I am at work, so can't watch the video now ... what is the outcome/verdict on this device?


----------



## johan (4/6/15)

LandyMan said:


> Hey boys!
> I am at work, so can't watch the video now ... what is the outcome/verdict on this device?



Get one!

Reactions: Agree 1


----------



## LandyMan (4/6/15)

johan said:


> Get one!


LOL @johan ... that's my line of thinking in any case ...


----------



## johan (4/6/15)

LandyMan said:


> LOL @johan ... that's my line of thinking in any case ...



Great minds ...... - no, the verdict is good, if you want to go TC.


----------



## LandyMan (4/6/15)

johan said:


> Great minds ...... - no, the verdict is good, if you want to go TC.


I've got a SX Mini incoming, but would love this as a backup to the SX Mini.

Reactions: Agree 1


----------



## johan (4/6/15)

LandyMan said:


> I've got a SX Mini incoming, but would love this as a backup to the SX Mini.

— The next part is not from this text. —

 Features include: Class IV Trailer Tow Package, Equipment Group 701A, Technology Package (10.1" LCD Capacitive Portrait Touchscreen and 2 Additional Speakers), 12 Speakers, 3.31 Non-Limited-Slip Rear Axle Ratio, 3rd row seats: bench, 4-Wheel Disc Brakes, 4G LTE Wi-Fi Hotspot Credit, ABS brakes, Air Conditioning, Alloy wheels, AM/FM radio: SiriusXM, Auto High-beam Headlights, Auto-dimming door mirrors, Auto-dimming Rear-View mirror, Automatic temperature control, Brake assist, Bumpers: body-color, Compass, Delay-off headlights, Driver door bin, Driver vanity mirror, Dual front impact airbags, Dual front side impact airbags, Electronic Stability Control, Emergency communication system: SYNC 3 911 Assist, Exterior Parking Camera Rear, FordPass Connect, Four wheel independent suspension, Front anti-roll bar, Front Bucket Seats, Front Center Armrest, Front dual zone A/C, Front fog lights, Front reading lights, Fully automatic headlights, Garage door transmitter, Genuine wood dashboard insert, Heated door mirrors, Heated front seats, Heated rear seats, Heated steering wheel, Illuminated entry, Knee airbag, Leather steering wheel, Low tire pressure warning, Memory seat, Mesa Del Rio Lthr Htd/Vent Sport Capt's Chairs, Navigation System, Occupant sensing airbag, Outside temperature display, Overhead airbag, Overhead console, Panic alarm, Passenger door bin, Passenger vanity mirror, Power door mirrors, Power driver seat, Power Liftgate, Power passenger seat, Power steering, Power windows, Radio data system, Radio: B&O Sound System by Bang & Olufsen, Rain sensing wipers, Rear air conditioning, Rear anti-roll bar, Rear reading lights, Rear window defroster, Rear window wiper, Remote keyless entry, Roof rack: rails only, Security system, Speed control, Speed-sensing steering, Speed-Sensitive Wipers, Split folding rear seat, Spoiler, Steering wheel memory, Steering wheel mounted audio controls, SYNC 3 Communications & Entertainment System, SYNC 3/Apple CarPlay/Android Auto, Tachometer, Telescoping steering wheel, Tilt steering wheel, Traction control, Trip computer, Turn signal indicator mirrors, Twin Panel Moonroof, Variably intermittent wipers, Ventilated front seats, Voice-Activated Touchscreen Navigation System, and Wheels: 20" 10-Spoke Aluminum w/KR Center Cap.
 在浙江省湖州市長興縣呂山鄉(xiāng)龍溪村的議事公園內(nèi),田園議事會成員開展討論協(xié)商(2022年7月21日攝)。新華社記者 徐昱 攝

Then I'll stick to: "Get one!"

Reactions: Funny 1


----------



## LandyMan (4/6/15)

johan said:


> Then I'll stick to: "Get one!"


Cool, then I'll "Get one!" 
Bunch of Smoks up for sale shortly ... hehehe

Reactions: Like 1


----------



## Jakey (4/6/15)

@Juntau


----------



## free3dom (4/6/15)

johan said:


> Then I'll stick to: "Get one!"



Your first instincts are usually correct

Reactions: Agree 1


----------



## Philip Dunkley (4/6/15)

Oooooh, I've been playing more, Get One is about the right notion!!!


----------



## Genosmate (4/6/15)

johan said:


> Great minds ...... - no, the verdict is good, if you want to go TC.


Even I want one Johan and I can't operate anything other than a Reo


----------



## johan (4/6/15)

Genosmate said:


> Even I want one Johan and I can't operate anything other than a Reo



Suggest you and I stick to Reos  - we don't like disappointments.


----------



## Genosmate (4/6/15)

johan said:


> Suggest you and I stick to Reos  - we don't like disappointments.


You are probably right Johan,but I think I should see what all the fuss is about.Will probably be in the classifieds after about 48 hours though

Reactions: Agree 1 | Funny 1


----------